Images excluded, repeat each entry below exactly.

○ ○ ○ ○ ○ ○ ○

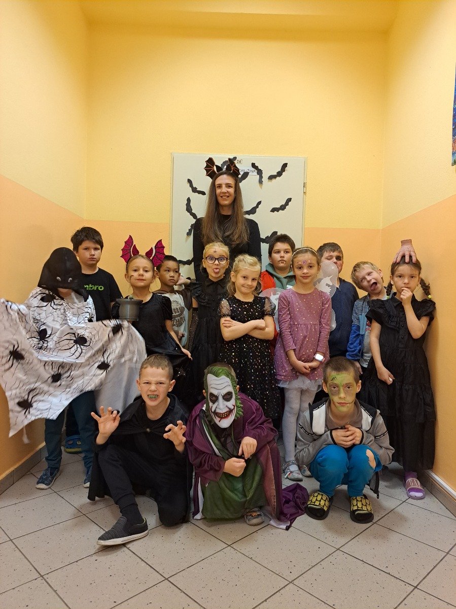 V pátek 31.10. měli naši žáci projektový den na téma Halloween. Povídali jsme si nejen o halloweenském svátku, ale také o podstatě Dušiček. Přestrojili jsme se do kostýmů, zahráli hry a prošli halloweenskou stezku, kde žáci uplatnili nejen matematické a jazykové znalosti, ale řešili i logické hádanky. Žáci za absolvování stezky dostali na památku medaile. Den jsme zakončili diskotékou, kde jsme si zahráli a zatancovali společně s ostatními žáky z prvního stupně.
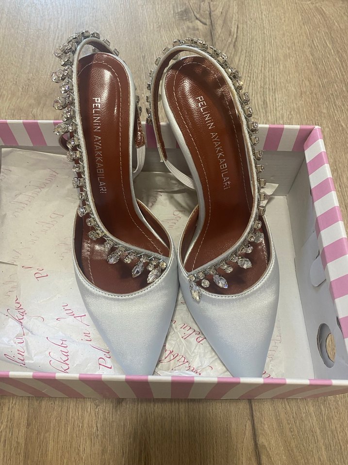 Beyaz saten, işlemeli ve payet detaylı yüksek topuklu kadın abiye ayakkabısı, düğün ve özel günler için uygundur.
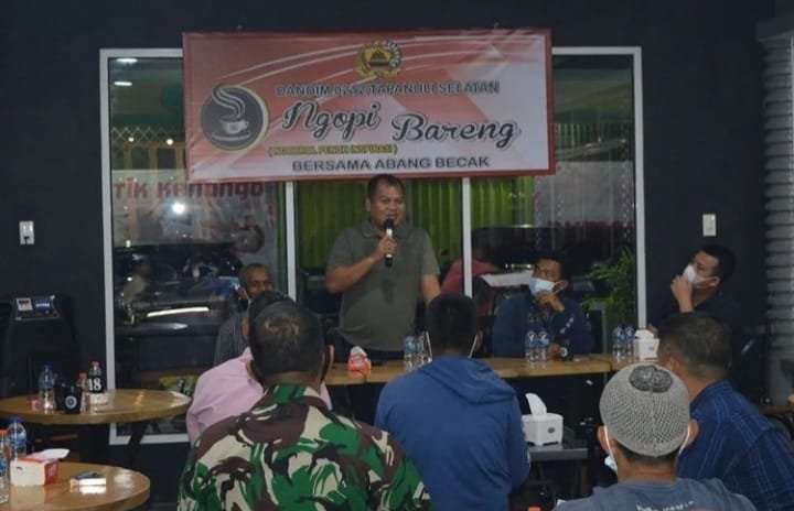 Tanpa ada sekat, Dandim berbincang hangat dengan sejumlah Abang Becak pada pertemuan bertajuk “Ngopi Bareng” yang dilaksanakan di Five & Co Coffee di Jalan Kenanga Kota Padangsidimpuan itu. Suasana kekeluargaan, menambah hangat pertemuan antara sosok pimpinan TNI dengan rakyatnya.
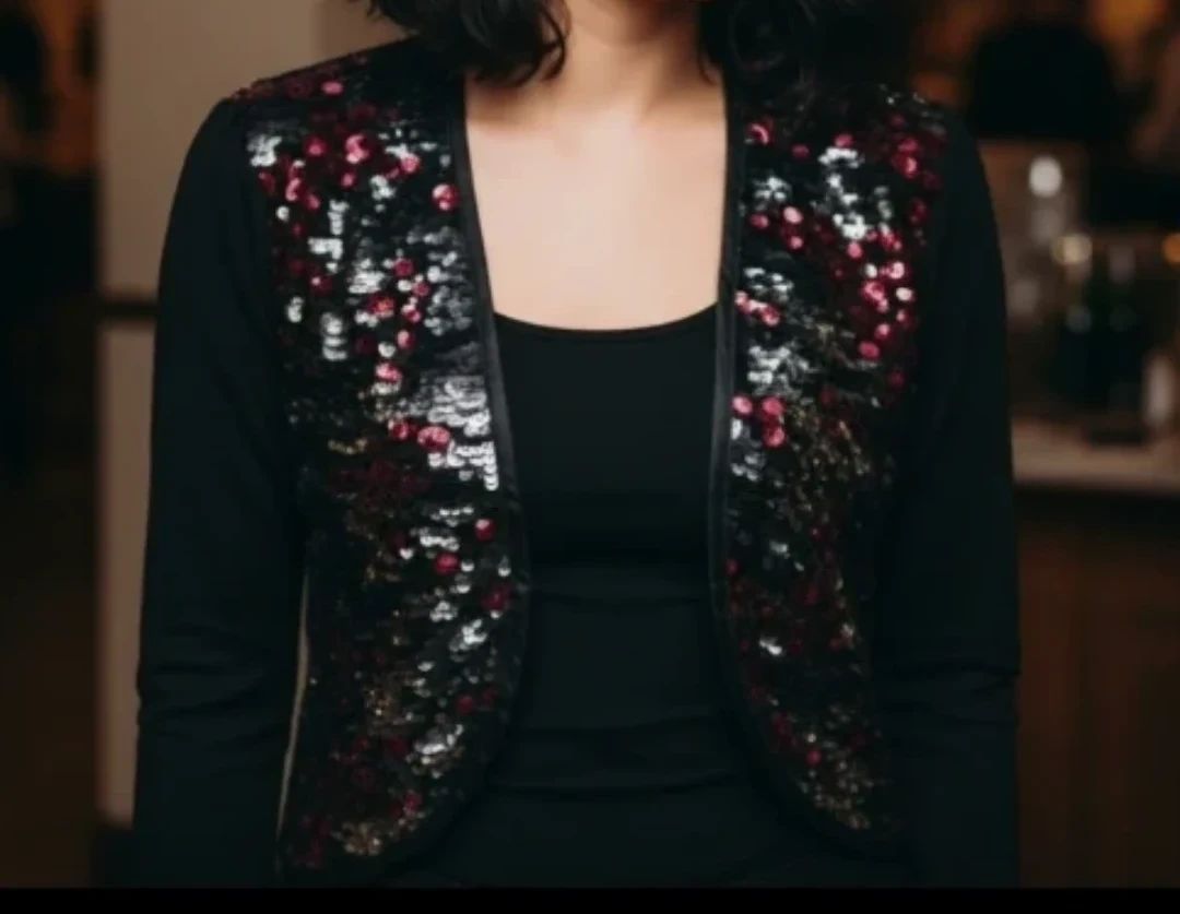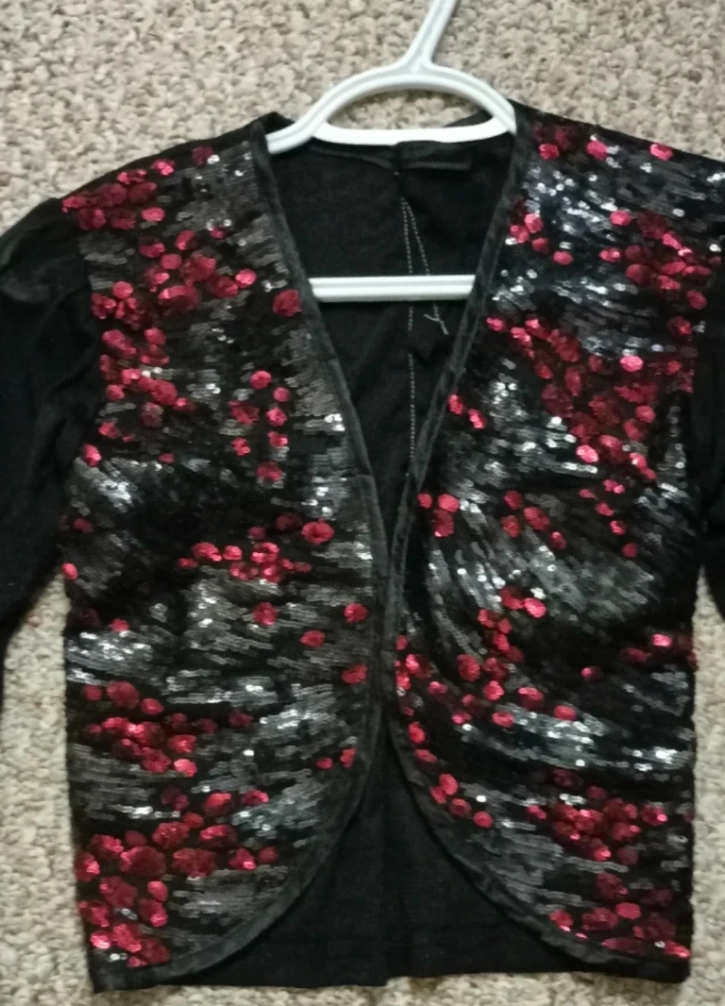 This black bolero cardigan is covered in shimmering sequins with red and silver accents. It features long sleeves and an open front design.
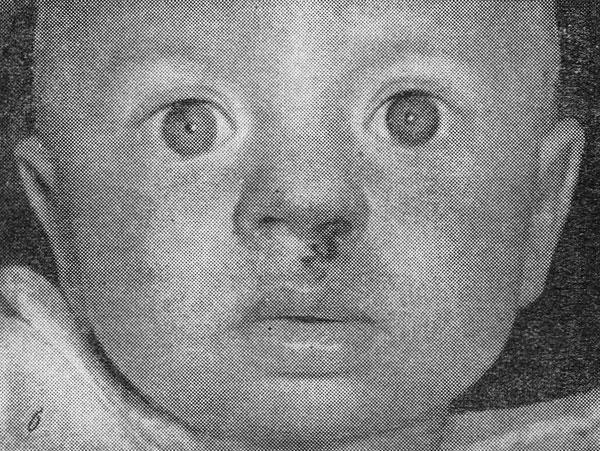 Пластика верхней губы: а — ребенок до операции, б — ребенок после операции — до снятия швов.
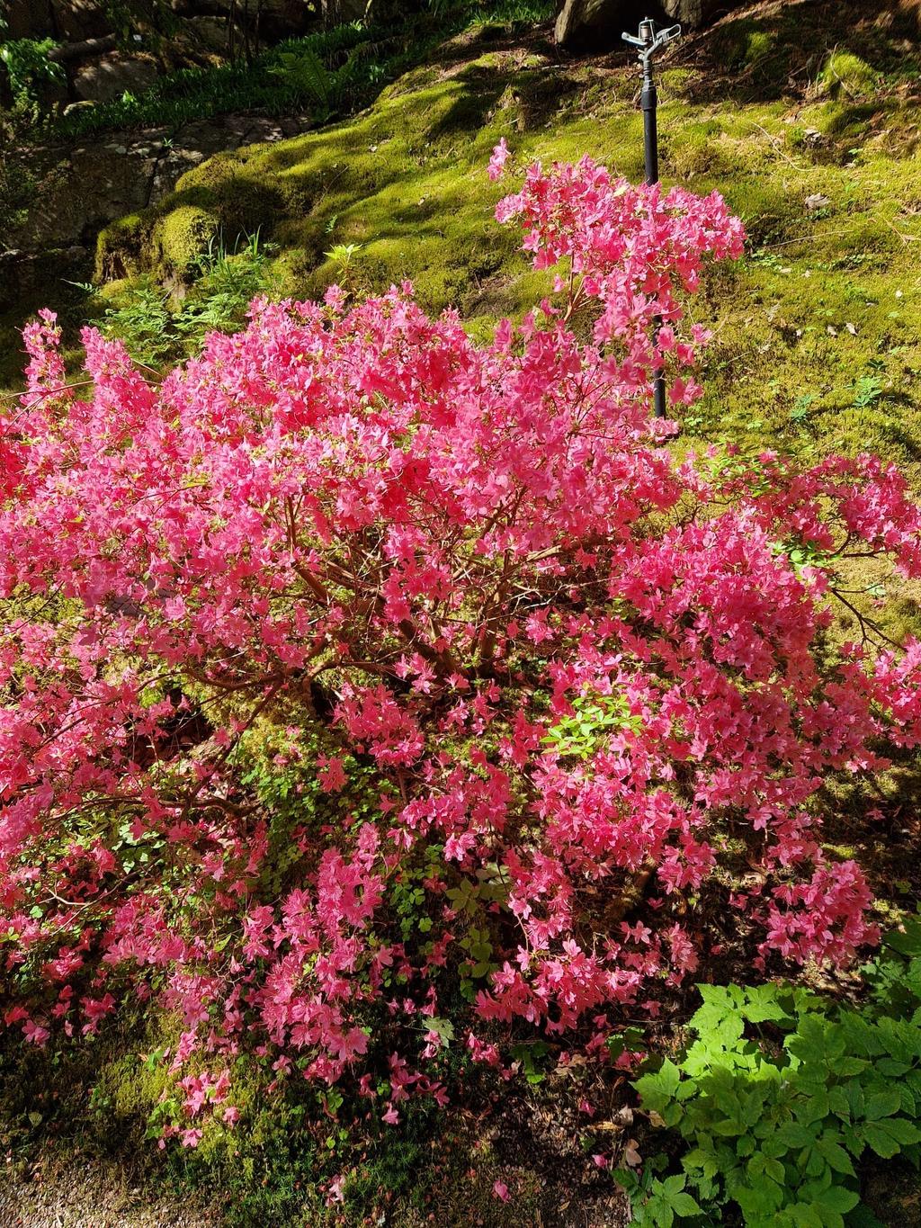 Böljande trädgårdstomt där de öppna gräsytorna planats ut i 2 étage. Trädgården är omgiven av höga häckar, med gärdesgård och tät tuija avgränsande mot närmaste granne. Planteringarna är fyllda av perenner som blommar från tidig vår till sen höst. Här finns bland annat schersmin, forsythia, rhododendron och pioner.

○ ○ ○ ○ ○ ○ ○

ANSWER FOR THE TASK>
 V pátek 31.10. měli naši žáci projektový den na téma Halloween. Povídali jsme si nejen o halloweenském svátku, ale také o podstatě Dušiček. Přestrojili jsme se do kostýmů, zahráli hry a prošli halloweenskou stezku, kde žáci uplatnili nejen matematické a jazykové znalosti, ale řešili i logické hádanky. Žáci za absolvování stezky dostali na památku medaile. Den jsme zakončili diskotékou, kde jsme si zahráli a zatancovali společně s ostatními žáky z prvního stupně.
 Beyaz saten, işlemeli ve payet detaylı yüksek topuklu kadın abiye ayakkabısı, düğün ve özel günler için uygundur.
 Tanpa ada sekat, Dandim berbincang hangat dengan sejumlah Abang Becak pada pertemuan bertajuk “Ngopi Bareng” yang dilaksanakan di Five & Co Coffee di Jalan Kenanga Kota Padangsidimpuan itu. Suasana kekeluargaan, menambah hangat pertemuan antara sosok pimpinan TNI dengan rakyatnya.
 This black bolero cardigan is covered in shimmering sequins with red and silver accents. It features long sleeves and an open front design.
 Пластика верхней губы: а — ребенок до операции, б — ребенок после операции — до снятия швов.
 Böljande trädgårdstomt där de öppna gräsytorna planats ut i 2 étage. Trädgården är omgiven av höga häckar, med gärdesgård och tät tuija avgränsande mot närmaste granne. Planteringarna är fyllda av perenner som blommar från tidig vår till sen höst. Här finns bland annat schersmin, forsythia, rhododendron och pioner.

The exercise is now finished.